Justo antes de que comenzara la ceremonia, Lily se levantó en silencio.
Agarró su gorra de graduación entre las manos y salió por un pasillo lateral, sin ser vista en medio del mar de movimiento. El pasillo exterior era más silencioso, resonando con pasos lejanos y voces apagadas.
Realmente no sabía a dónde iba.
Solo necesitaba un momento.
Al acercarse a la entrada principal del edificio, vio a un hombre de pie cerca de las puertas.
Vestía un traje color carbón a medida, su postura relajada pero serena. En sus manos sostenía un ramo de lirios blancos envueltos en papel delicado. Parecía fuera de lugar—como alguien que pertenecía a un mundo completamente distinto.
Lily dudó.
Luego siguió caminando.
Algo en él —quizá la expresión calmada en su rostro, o la forma en que se mantenía paciente, como esperando a alguien importante— le daba un valor que no comprendía del todo.
Se detuvo a unos pasos.
"Disculpe", dijo suavemente.

El hombre se giró.
Era mayor, quizá de poco más de cincuenta años, con la plata entrelazada en su cabello oscuro y unos ojos amables y observadores.

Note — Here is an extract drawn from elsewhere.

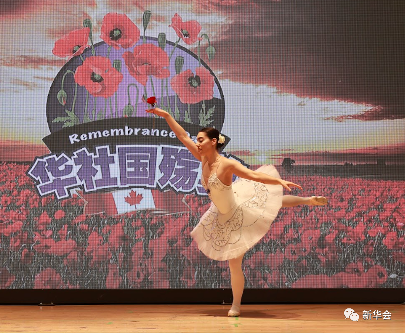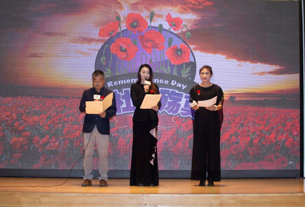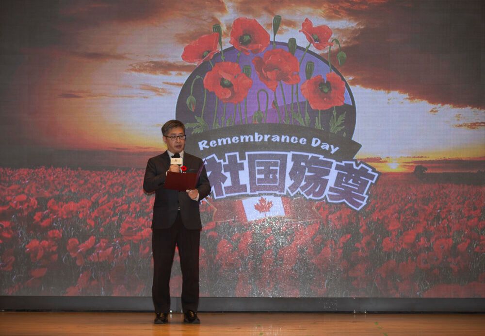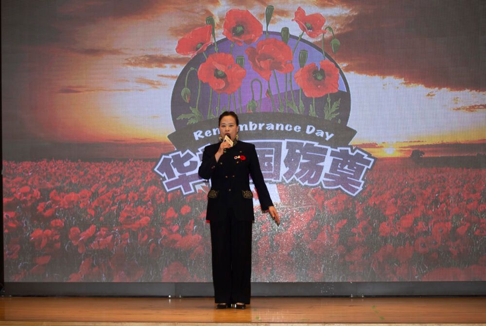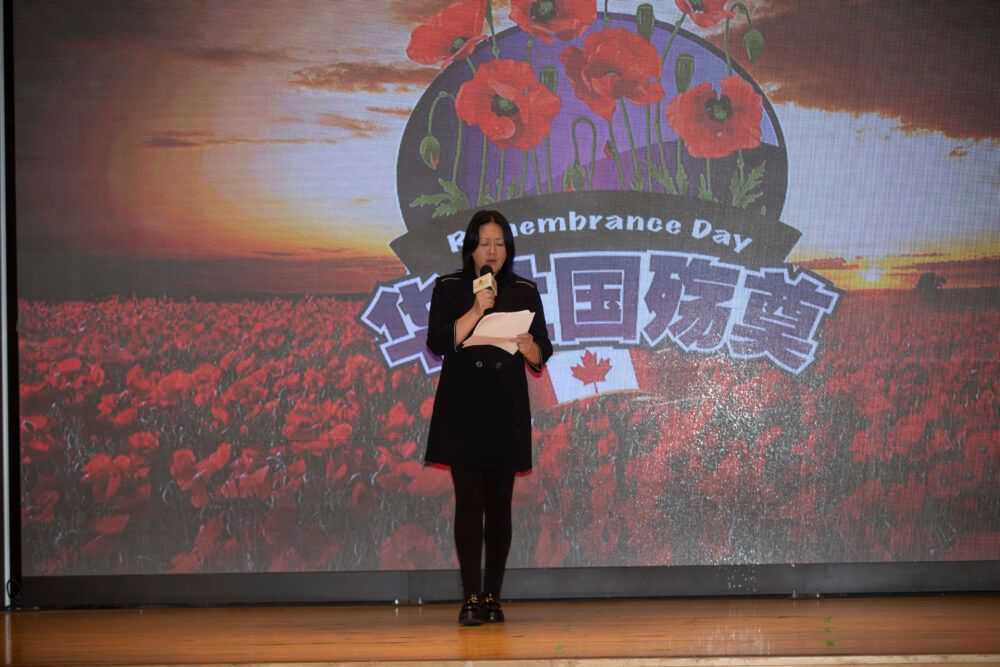 按照传统,一曲忧郁的芭蕾舞“River flows in you”拉开了活动的序幕,并为活动典雅肃穆的格调打下基础。随后,主持人Anna、韩笑和寇辉用中、英文介绍了本次“华社国殇奠”的主题和意义。“华社国殇奠”发起人黄素梅女士也登台为来宾致辞并讲解了“华社国殇奠”的源起由来。梁美英女士演唱的加拿大国歌让活动进入到核心环节,刘云女士用中英文朗诵了Remembrance Day的灵魂诗篇:《在佛兰德斯的战场上》,彷佛让时光回到了百年前哀伤的战场上。叶军先生也以中英文朗诵了华人熟知的《国殇》,千年前激昂、悲壮与果决在抑扬顿挫中与现场共鸣。随后,全场来宾在警报与长号的背景声中起立默哀1分钟,共同纪念在战争中为和平祭献了生命的军人们。在整场活动的最后,杨海峰先生代表社区致辞,倾诉自己的情绪和感受,为整个活动收尾。

"¿Sí?" respondió con suavidad.
Lily tragó saliva.
Esto era ridículo. Lo sabía.
Pero si no lo preguntaba ahora, nunca lo haría.
"¿Querrías..." Su voz temblaba y se obligó a empezar de nuevo. "¿Pretenderías ser mi padre... ¿solo por hoy?"
Las palabras quedaron suspendidas entre ellos.
El hombre parpadeó, claramente sorprendido.
"L-lo siento", añadió Lily rápidamente, con las mejillas sonrojadas. "Eso suena raro. Es solo que... No tengo a nadie aquí, y están llamando a las familias después de la ceremonia para hacerse fotos, y pensé que quizá..."
Su voz se desvaneció.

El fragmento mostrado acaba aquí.